Numerical Analysis/Newton form example

We'll find the interpolating polynomial passing through the points ${\displaystyle (1,-6)=(x_{0},y_{0})}$, ${\displaystyle (2,2)=(x_{1},y_{1})}$, ${\displaystyle (4,12)=(x_{2},y_{2})}$, using the Newton form of the interpolation polynomial.

The Newton form is given by the formula ${\displaystyle p(x)=\sum _{j=0}^{k}a_{j}n_{j}(x)}$, where ${\displaystyle a_{j}=[y_{0},\ldots ,y_{j}]}$ and ${\displaystyle n_{j}(x)=\prod _{i=0}^{j-1}(x-x_{i})}$, with ${\displaystyle n_{0}(x)=1}$. We start by finding each ${\displaystyle n_{j}(x)}$.

${\displaystyle n_{0}(x)=1}$

${\displaystyle n_{1}(x)=x-1}$

${\displaystyle n_{2}(x)=(x-1)(x-2)=x^{2}-3x+2}$

Next, we find the necessary divided differences.
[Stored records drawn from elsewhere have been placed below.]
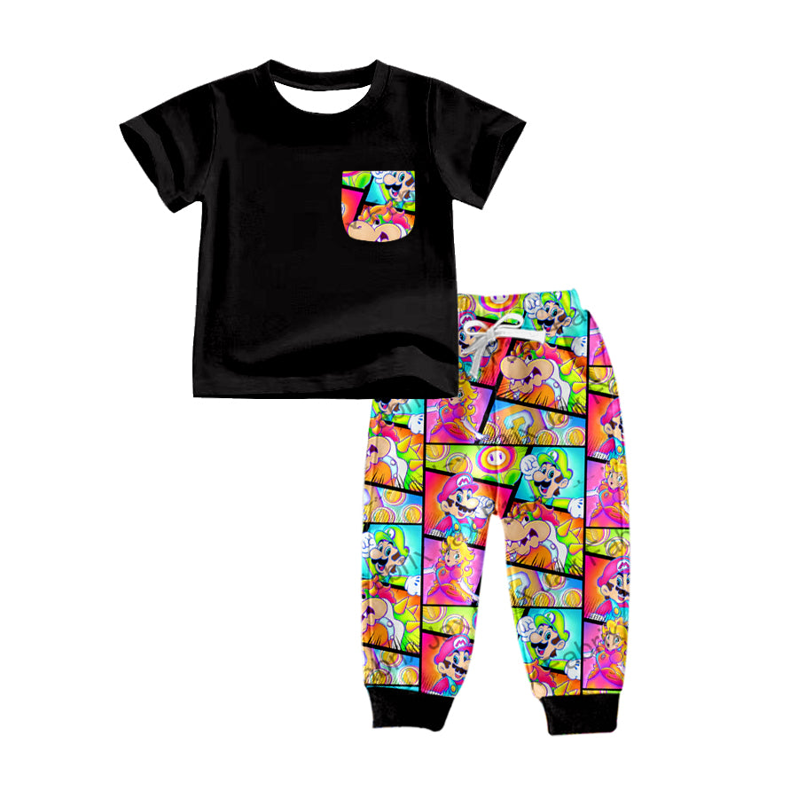 Baby Boys Black Pocket Shirt Game Pants Clothes Sets preorder(moq 5)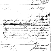 | Payment to Griffith Not an Authorized Disbursement | Collection: Post Revolutionary War Papers, 1784-1815. (RG94) | B: 11 |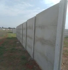 Muro pré-moldado com altura de 1,80m sendo composto por 3 placas de 1,60m largura x 60cm altura x 3cm espessura e mourão de 2,40m de altura x 12cm espessura x 12cm espessura aprofundados 60cm no solo para cada peça.

First, ${\displaystyle [y_{0}]=-6}$, ${\displaystyle [y_{1}]=2}$, and ${\displaystyle [y_{2}]=12}$. For the next level, we have:

${\displaystyle [y_{0},y_{1}]={\frac {2+6}{2-1}}=8}$

${\displaystyle [y_{1},y_{2}]={\frac {12-2}{4-2}}=5}$

Finally, we can find:

${\displaystyle [y_{0},y_{1},y_{2}]={\frac {5-8}{4-1}}=-1}$.

Now, we can find the coefficients ${\displaystyle a_{j}}$.

${\displaystyle a_{0}=[y_{0}]=-6}$

${\displaystyle a_{1}=[y_{0},y_{1}]=8}$

${\displaystyle a_{2}=[y_{0},y_{1},y_{2}]=-1}$

Substituting and simplifying, we get our interpolating polynomial:

${\displaystyle p(x)=-6+8(x-1)-(x^{2}-3x+2)=-x^{2}+11x-16}$.